Tar sands have a bigger climate footprint than conventional oil, with larger greenhouse gas emissions for the whole life cycle, from "well-to-wheels," the new report said.
Barrel for barrel, the IEA said, oil from tar sands would create 5 to 15 percent more emissions of carbon dioxide (CO2), the principal greenhouse gas causing global warming.
(Related: “The Canadian Oil Boom”)
Looking at the reasons for the plateau in crude oil production, “it’s clear that it’s a mixture of above-ground and below-ground factors,” said Guy Caruso, former head of the U.S. Energy Information Agency, and now at the Center for Strategic and International Studies, a think tank in Washington, D.C.

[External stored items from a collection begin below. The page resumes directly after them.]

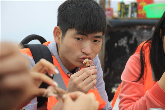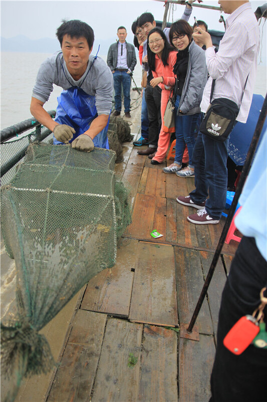 任船身隨浪搖擺,享涼爽海風吹拂,馬達聲里,陸地逐漸退遠,極目遠眺,前方海天一色,煙雨濛濛。殷師傅為大家講起這里的人文地理、海鮮趣聞如數家珍,大家也聽得出神。船老大在大家的大呼小叫中嫻熟地收網捕魚,蝦兵蟹將在網籠中活蹦亂跳。大家賞海景品海鮮,其樂融融。
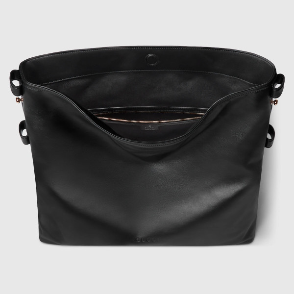 2025 가을-겨울 컬렉션, 편안한 실루엣에 숄더 스트랩의 시그니처 홀스빗 디테일로 고급스러움을 불어넣은 소프트 스무드 레더 구찌 베아트릭스 핸드백. 골드 톤 메탈 장식과 필수품을 안전하게 보관해주는 지퍼 포켓이 세련된 분위기를 더합니다. 일상 필수품을 편리하게 보관할 수 있도록 설계되어 우아함과 기능성을 겸비한 가방입니다.
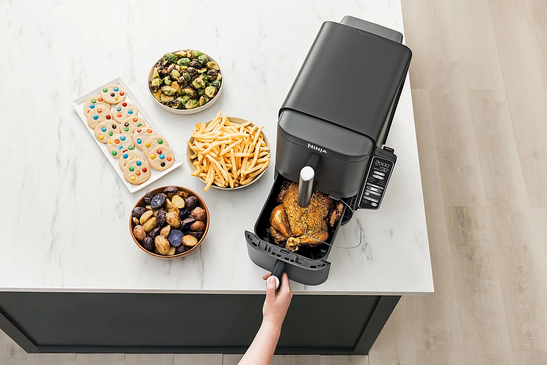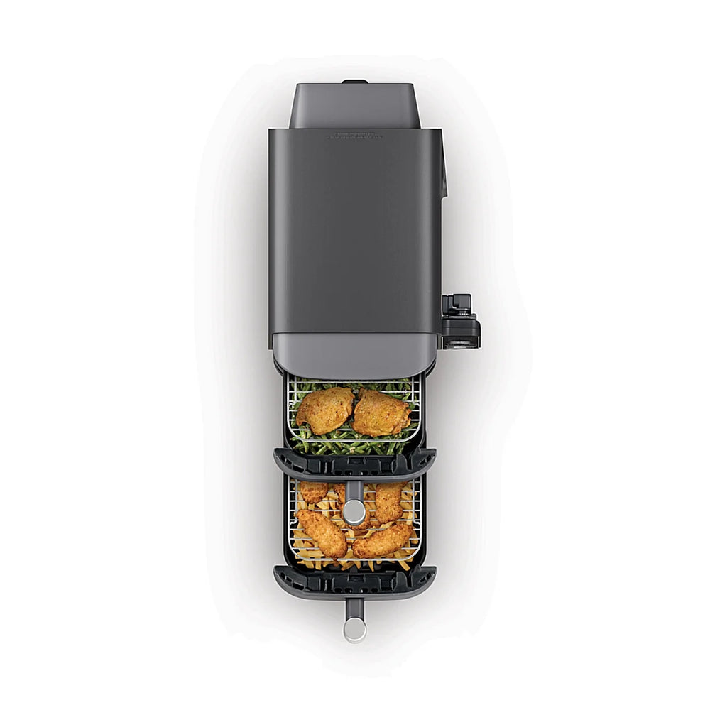 Dowolnie łącz 6 funkcji gotowania, dobieraj czas i temperaturę niezależnie w każdej z dwóch szufladach, a włączając funkcję SYNC będziesz mieć pewność, że wszystkie potrawy będą gotowe jednocześnie. Termometr znajdujący się w tym zestawie pomaga kontrolować stopień wysmażenia potrawy. To wszystko możliwe jest teraz nawet w mniejszych kuchniach!

“It’s partly geological resource limitations,” Caruso said. “There’s decline that we’re fighting in the older fields,” in which production has fallen faster than had been expected.
But there are also “areas like Venezuela, Iraq, Kazakhstan, and Nigeria, where we know the oil is there,” but political turmoil and other issues have kept production far below the potential, he said.
When all the factors are taken into account, the trend is toward rising oil prices, Caruso said. Oil-consuming nations can cope with this if the price rises smoothly, but he added, “what economies have a hard time dealing with is a spike like we had in 2008, when oil reached nearly $150 a barrel, and then dropped back down again.”